- Theatrical release poster
- Directed by: Ricardo Islas
- Screenplay by: Ricardo Islas
- Based on: Frankenstein by Mary Shelley
- Produced by: Mark Harris Ricardo Islas John Marinopoulos Andrew C. Mathews Linda Mensch John Vitiritti
- Starring: Michelle Shields Adam Stephenson Tim Krueger
- Cinematography: Ricardo Islas
- Edited by: Ricardo Islas
- Music by: Alexander Scriabin
- Production companies: Alpha Studios Thespis
- Distributed by: Alpha Studios
- Release date: November 27, 2011;
- Country: United States
- Language: English

= Frankenstein: Day of the Beast =

Frankenstein: Day of the Beast is a 2011 independent horror film directed by Ricardo Islas, loosely based on the 1818 novel Frankenstein; or, The Modern Prometheus by Mary Shelley. It premiered with a limited theatrical release in the United States on November 27, 2011.

==Plot==

The film takes place on an undisclosed island on a foggy, winter day. Victor Frankenstein and his bride, Elizabeth, are set to be married by a priest who is rowed in on a small raft. But all is not well on the day of these young lovers’ wedding: The ceremony is clearly being conducted in secret, and Victor and Elizabeth are under the protection of seven well-armed mercenaries. All parties soon find themselves being stalked by a seemingly supernatural enemy of great physical strength that dwells in the woods surrounding the small chapel...a monster who kills with swiftness and purpose. As the slaughter escalates and the characters begin to die one by one at the hands of this mysterious Creature, Victor is forced to confess the unholy crimes he committed that has placed himself and the others in this deadly predicament. Meanwhile, as each character faces certain death, the beast’s ultimate target reveals itself not to be Victor, but his bride.

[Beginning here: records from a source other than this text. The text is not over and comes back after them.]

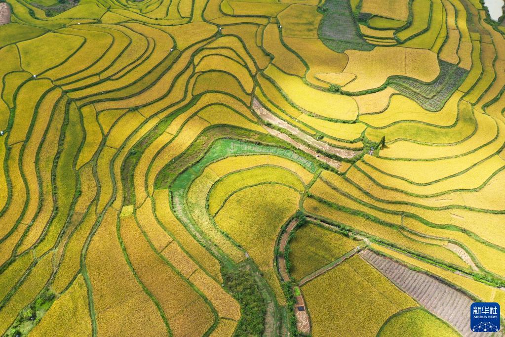 連日來(lái),貴州省黔南布依族苗族自治州龍里縣灣灘河鎮天氣晴好。水稻成熟,田野鍍金,農民搶收稻谷,一片豐收景象。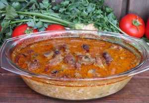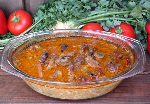 يقلى الفطر حتى يتبخر السائل ، يضاف الكاتشب ، كريم والخردل وتخلط. صب الدقيق ، الموسم المردقوش والفلفل المطحون والملح وسكب الماء (1 كوب) ، وجلب لتغلي ، جرب الملح وسكب الصلصة المعطرة في قالب من الرقبة.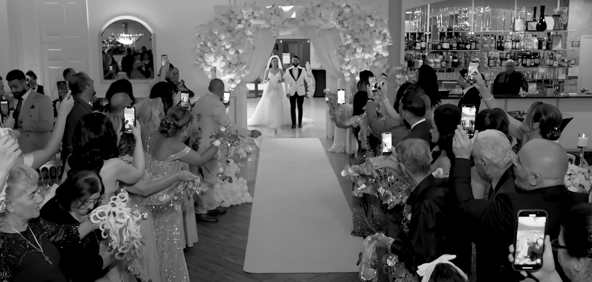 At the beginning of a wedding party, the bride and groom are introduced during what is called a zaffa (ܙܲܦ݂ܵܐ). During the zaffa, everyone in the bridal party dances around the bride and groom as they’re escorted into the reception hall or ceremony. The bride and groom also perform a dance of their own, accompanied by music.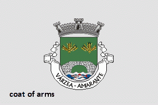 Shield Vert with base wavy of Argent and Azure, charged with a trout Argent, finned and eyed Gules, issuant from base a throughout bridge Argent masoned Sable, having one arch, in chief two sheaves of three wheat ears Or. Mural crown Argent with three visible towers (village rank) and white scroll with inscription in black capitals "VÁRZEA - AMARANTE".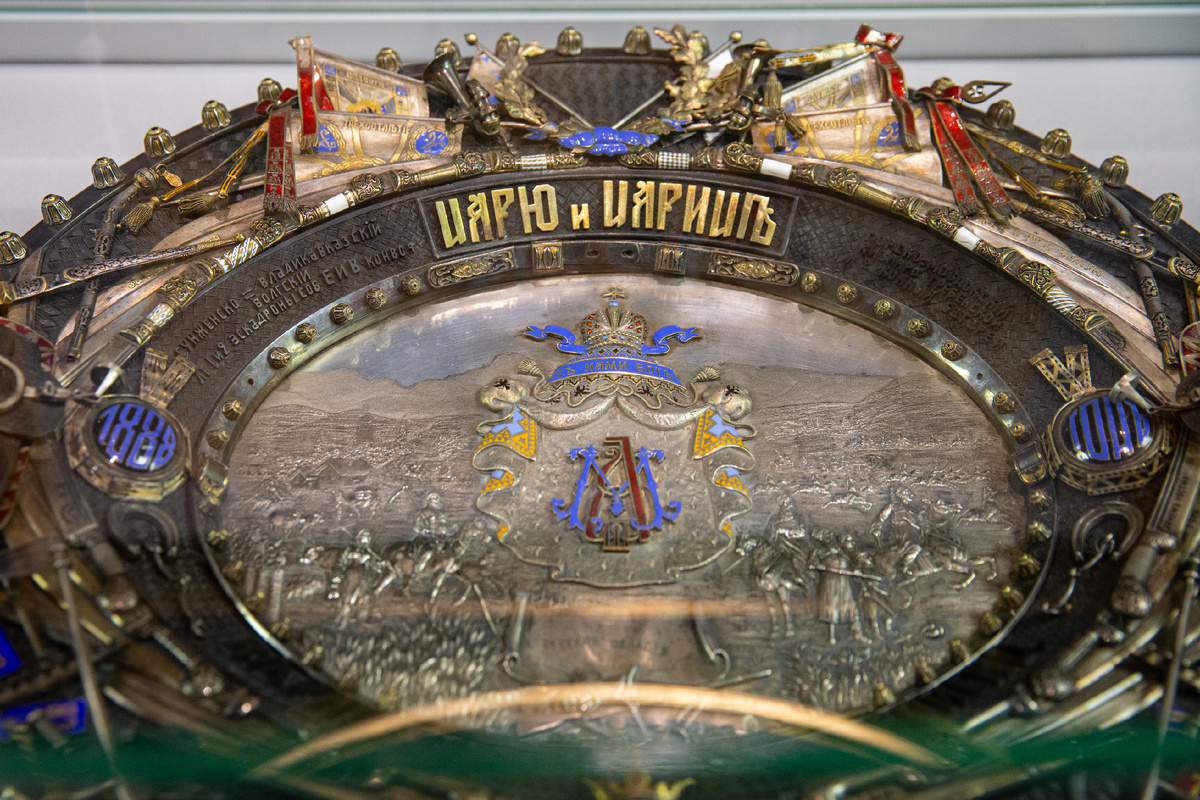 18 сент. 1888, в первый день пребывания императорской семьи во Владикавказе, Терское войско, на плошади, перед входом Их Величеств в покои, поднесло хлеб-соль. Хлеб был на блюде из черного дерева, выложенного серебром, необыкновенно изящном и оригинальном. На дне блюда — Императорский вензель, под ним карта области, а по сторонам, в медальонах, эпизоды из боевой и бытовой жизни казаков; по борту блюда, с ободком из обнаженных сабель, рельефом изображены все принадлежности казачьего вооружения, в настоящих миниатюрных моделях. Солонка к блюду изображает папаху. Государыне Императрице было поднесено серебрянное изображение линейного казака, в виде пресс-папье; Наследнику Цесаревичу — все полное вооружение: шашка, кинжал и проч.; Великому князю Георгию Александровичу — серебряный альбом, с фотографическими видами казачьих станиц и сцен из казачьей жизни.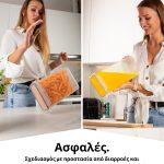 Χάρη στη σιλικόνη στο εσωτερικό του καπακιού, το δοχείο είναι απόλυτα αεροστεγές. Επομένως, υγρά ή χυμοί μέσα στο δοχείο δεν μπορούν να διαρρεύσουν ή να χυθούν, ακόμα και όταν μετακινείτε τα δοχεία, και τα τρόφιμα παραμένουν φρέσκα για περισσότερο.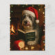 Humorous Christmas postcard featuring a Bearded collie dog reading 'The Cheese Tax at Home Regulations 2025' whilst trying to resist the urge to eat the cheese that someone's left on the table right in front of its nose!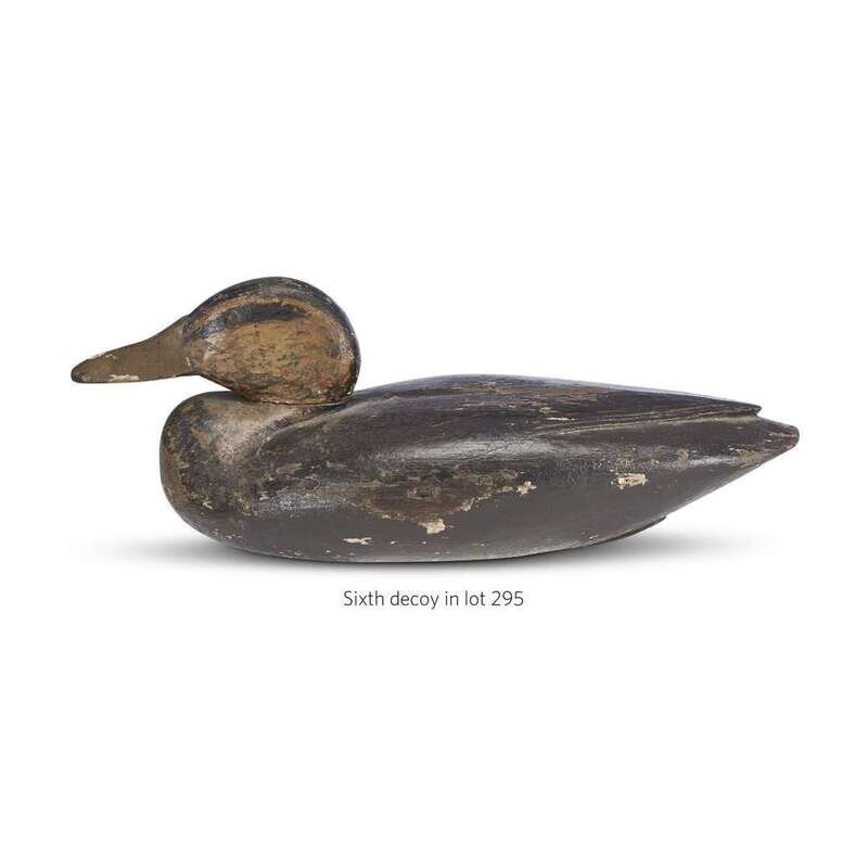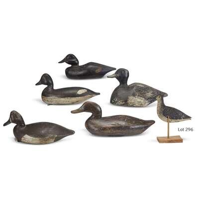 Including a Goldeneye attributed to Harry V. Shourds; a Black Duck, bearing stamp of the Mackey Collection; a Broadbill Hen by Frank Lewis; a boldly carved Blue Bill; and a Black Duck decoy.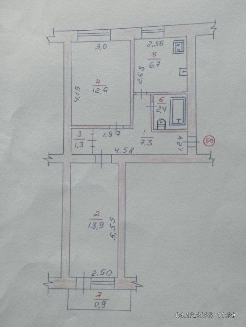 • Площадь кухни 6.7 м2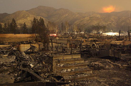 大火是上周四晚上在人口密集的圣費爾南多山谷燃起的,摧毀了數十間房屋,并對關鍵的電力供應線路構成了威脅。大火在風力的幫助下燒過干燥的山谷和山坡,熱風使當地溫度達到創記錄的30度;饎菰跁r速達112公里的強風的幫助下蔓延了2600英畝,迫使1萬名居民撤離,自上周四以來,過火面積已超過20000英畝,發生火情的地區包括洛杉磯北部的山丘、東南部的奧蘭治縣山谷、北部圣巴巴拉縣附近名人聚集的蒙特其托居住區。估計有1000套房屋被燒毀。加州州長施瓦辛格在視察火災造成的損失情況后稱:“對于南加州人來說,過去的幾天非常艱難!

==Production and release==
Production began in the Orland Park, Illinois area in January 2011 and was funded by indie fundraising website IndieGoGo. Principal photography ended in August of the same year. The official world premiere for the movie was held at The Portage Theater in Chicago on Sunday, November 27, 2011. It is currently seeking additional distribution.

==Reception==

Responses from the premiere have been positive, with reviews praising the film primarily for its homages to horror films produced by Hammer Studios. Patrick McDonald of Hollywoodchicago.com awarded the film 3 stars out of 5: "It has all the familiar Frankenstein monster elements, but also delivers a certain style and authority that allows it to make its own mark. The acting, setting, costumes and dialogue screams drive-in movie fare, but the production gamely reaches out to retell the myth with a little sex, a lot of gore and an interesting take on the reanimation portion of the monster." John Collins of Weirdreview.com also recommends the film primarily for its nostalgic qualities, and he adds, "This is easily the most viscious [sic], evil Frankenstein’s monster I have ever encountered." Ain't It Cool News writes, "Its diversions from [the original] story made me look past the rough edges that go along with low budget and amateur acting. ... I applaud the filmmaker’s derivations from the source material".